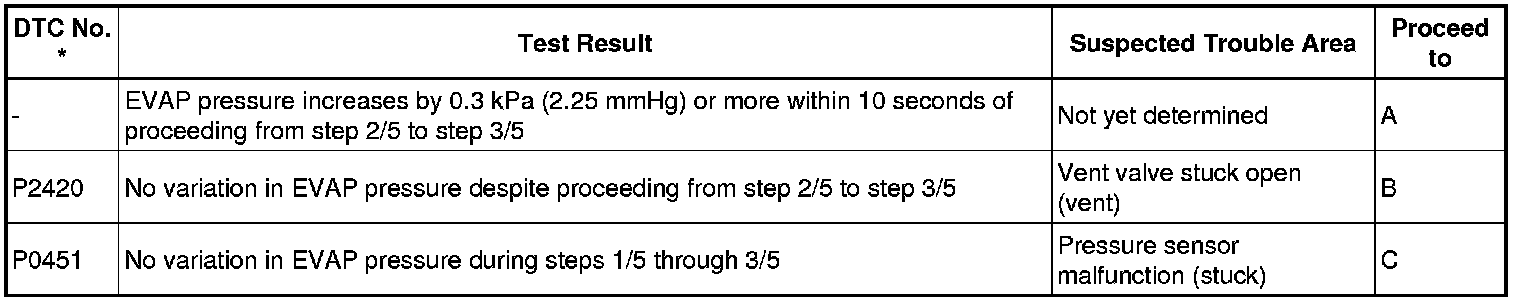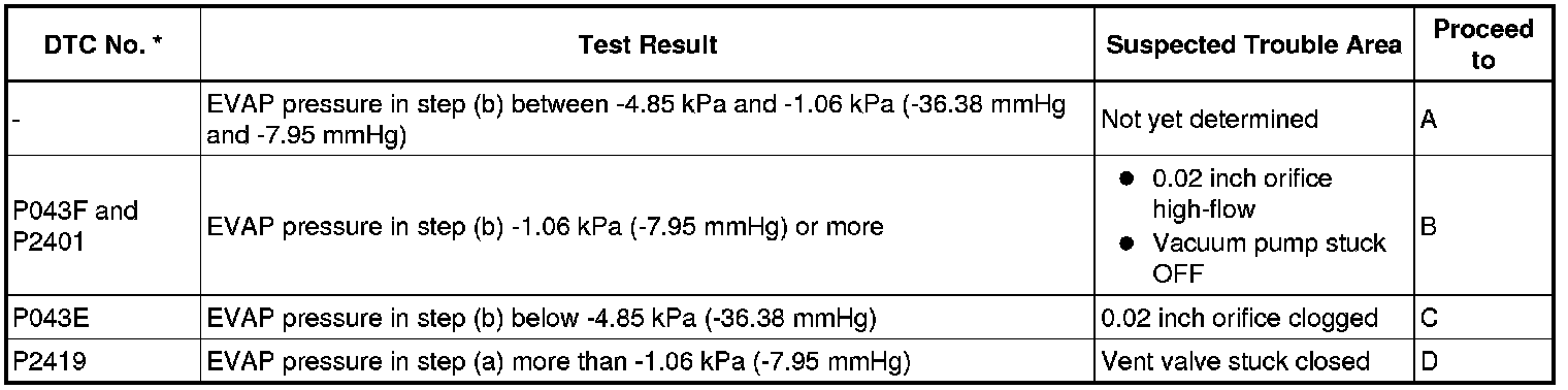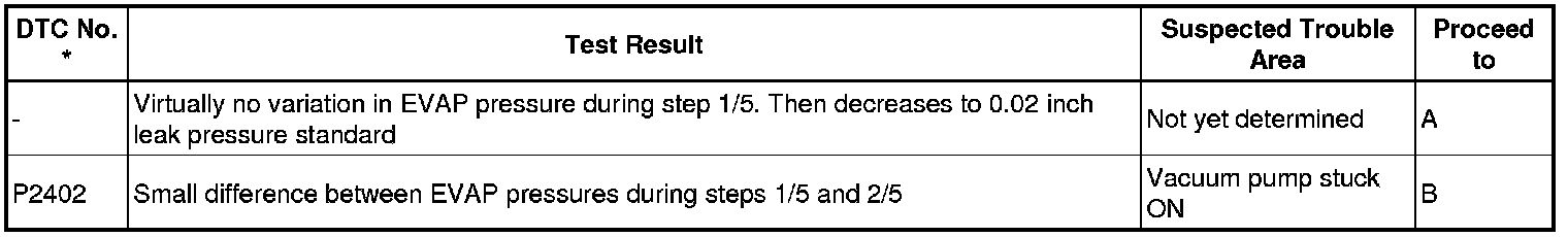 NOTE: If the 0.02 inch reference pressure difference between the first and second checks is greater than the specification, the DTCs corresponding to the reference pressure (P043E, P043F, P0441, P0455, P0456, P2401 and P2420) will all be stored.
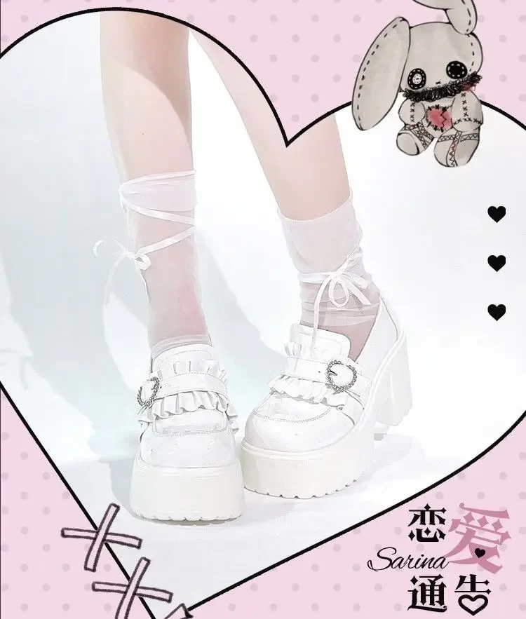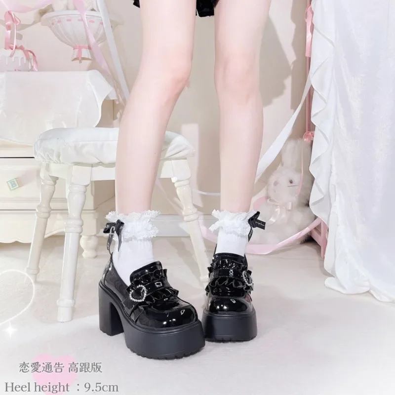 Sweet Heart-Shaped Buckle Lolita High Heels Pump Shoes for Women Y2k PU Leather Waterproof Platform Mary Janes Shoes
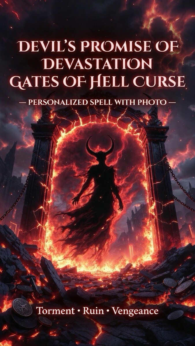 Unleash the full wrath of the Devil's Promise of Devastation Gates of Hell Dark Curse. ????? Exact your revenge and torment those who have wronged you with this potent, malevolent spell. Dive deep into the darkest energies to ensure your enemy pays dearly. ?? Choose the 3 torments that best suit your needs and focus the hellfire ? upon your chosen victim!
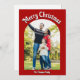 Luminoso y hermoso arco rojo con una foto de vacaciones de su familia dentro. Sencillas y modernas tarjetas de Navidad Merry con una fotografía vertical familiar en el arco.
________________________________________
TASK STATEMENT: If the listing above includes images, copy every line of it exactly except those images.

OUTPUT BELOW:
 NOTE: If the 0.02 inch reference pressure difference between the first and second checks is greater than the specification, the DTCs corresponding to the reference pressure (P043E, P043F, P0441, P0455, P0456, P2401 and P2420) will all be stored.
 Sweet Heart-Shaped Buckle Lolita High Heels Pump Shoes for Women Y2k PU Leather Waterproof Platform Mary Janes Shoes
 Unleash the full wrath of the Devil's Promise of Devastation Gates of Hell Dark Curse. ????? Exact your revenge and torment those who have wronged you with this potent, malevolent spell. Dive deep into the darkest energies to ensure your enemy pays dearly. ?? Choose the 3 torments that best suit your needs and focus the hellfire ? upon your chosen victim!
 Luminoso y hermoso arco rojo con una foto de vacaciones de su familia dentro. Sencillas y modernas tarjetas de Navidad Merry con una fotografía vertical familiar en el arco.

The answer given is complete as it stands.